**WHAT THE TASK REQUIRES**
From the first line of the data below through the line bearing "位於山梨縣的忍野八海,是由富", reproduce each line exactly; do not include pictures.

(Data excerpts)
=== Section Start ===

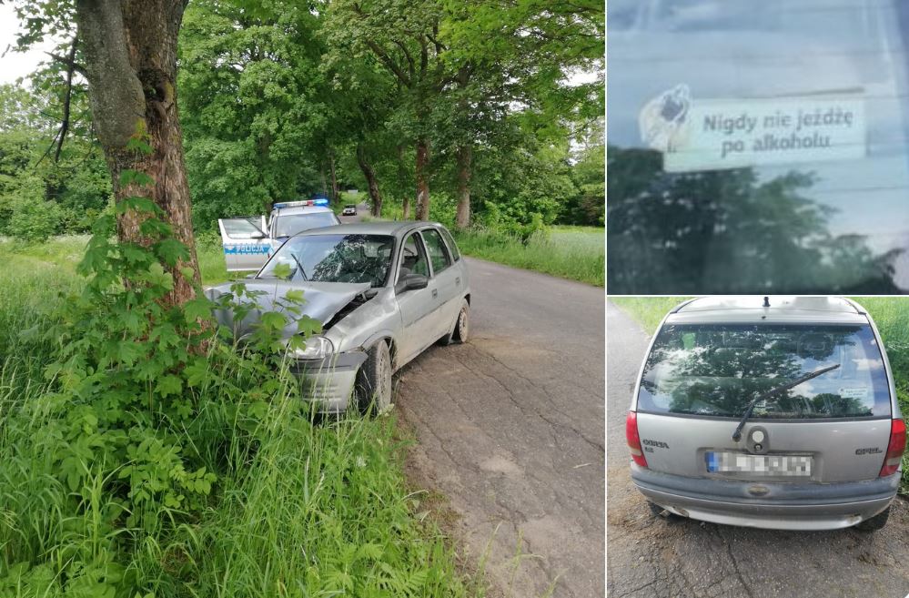 ”Nigdy nie jeżdżę po alkoholu” – taką naklejkę miał na szybie samochodzie kierujący. Jak się okazało, on i jego żona (pasażerka) byli pod wpływem alkoholu. Kobieta została zabrana do szpitala, a mężczyzna… Leżał w polu.
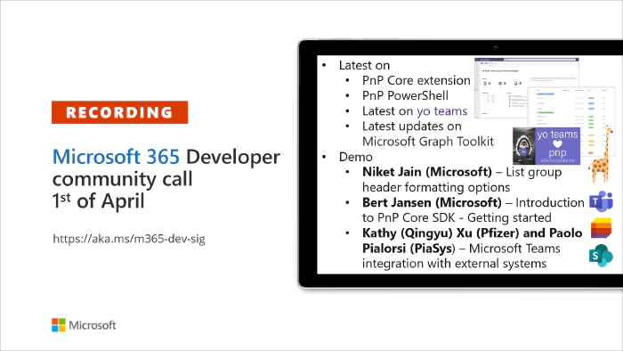 Microsoft 365 Developer Community Call recording -- 1st of April, 2021
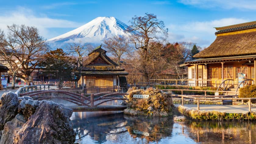 位於山梨縣的忍野八海,是由富士山伏流水形成的八個清澈湧泉池;此地水質純淨,被譽為日本名水百選之一。搭配富士山倒影與傳統村落景觀,是欣賞自然與拍攝絕美風景的熱門景點。
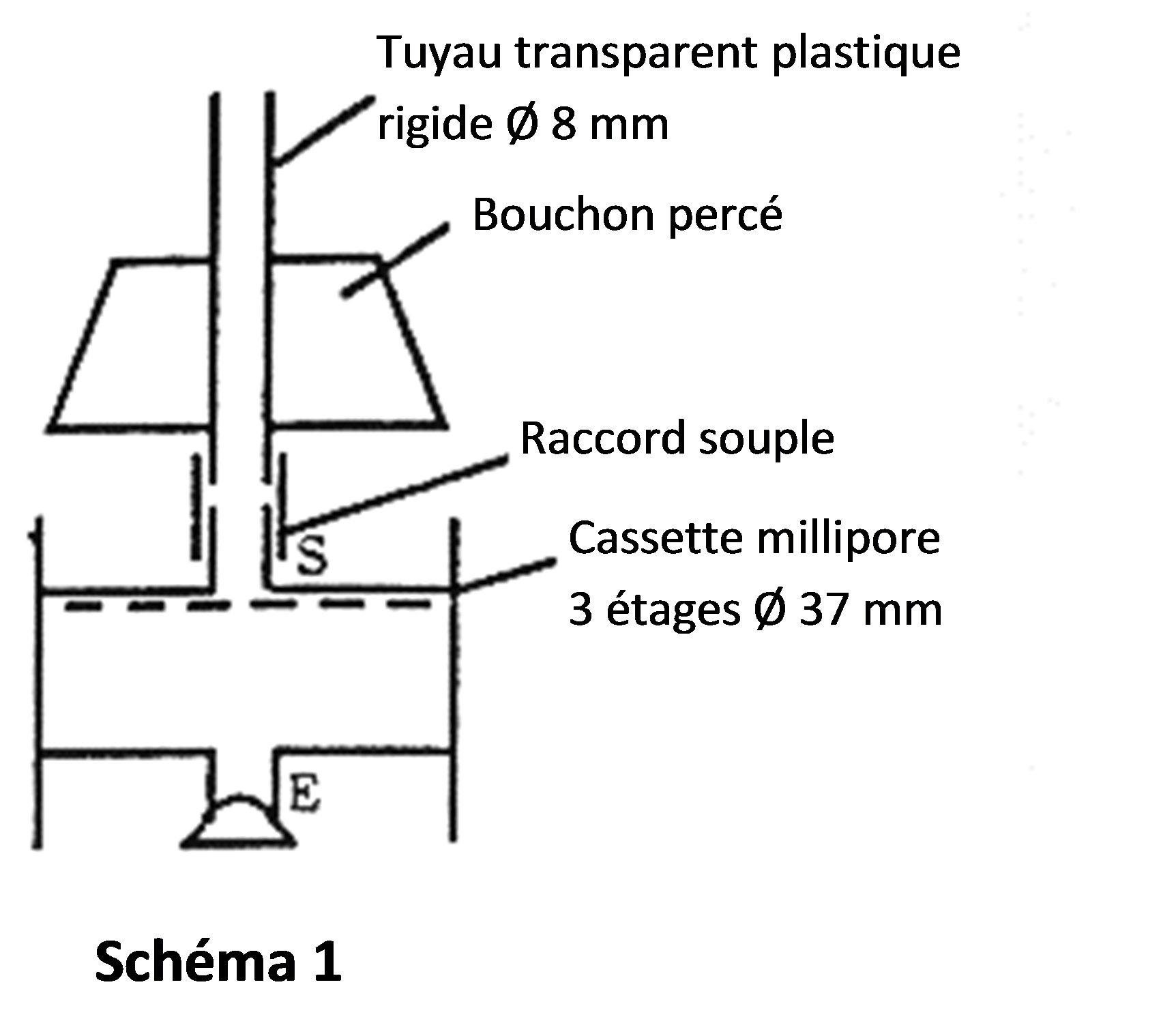 - Au bout d'une heure, retourner la cassette, ôter le bouchon puis adapter à l'orifice (S) un tuyau en plastique rigide selon le schéma 1. Retourner alors ce dispositif sur un tube ou un pilulier placé dans une fiole à vide selon le schéma 2.
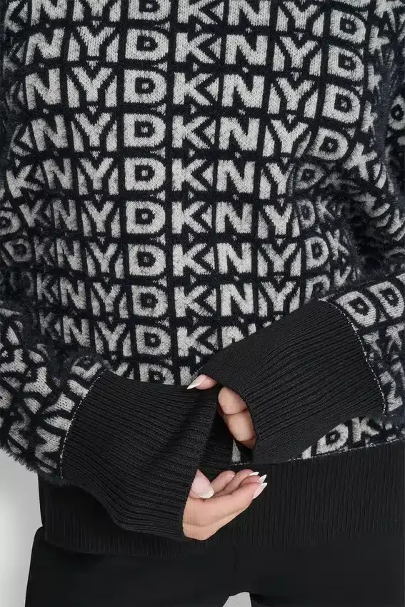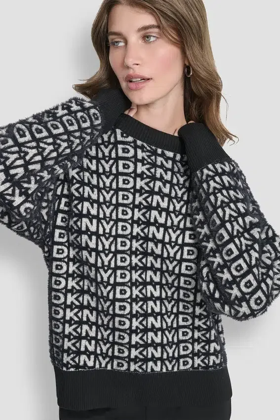 Long-Sleeve Fur All-Over Logo Sweater

=== Section End ===

**RESPONSE TO THE EXERCISE**
 ”Nigdy nie jeżdżę po alkoholu” – taką naklejkę miał na szybie samochodzie kierujący. Jak się okazało, on i jego żona (pasażerka) byli pod wpływem alkoholu. Kobieta została zabrana do szpitala, a mężczyzna… Leżał w polu.
 Microsoft 365 Developer Community Call recording -- 1st of April, 2021
 位於山梨縣的忍野八海,是由富士山伏流水形成的八個清澈湧泉池;此地水質純淨,被譽為日本名水百選之一。搭配富士山倒影與傳統村落景觀,是欣賞自然與拍攝絕美風景的熱門景點。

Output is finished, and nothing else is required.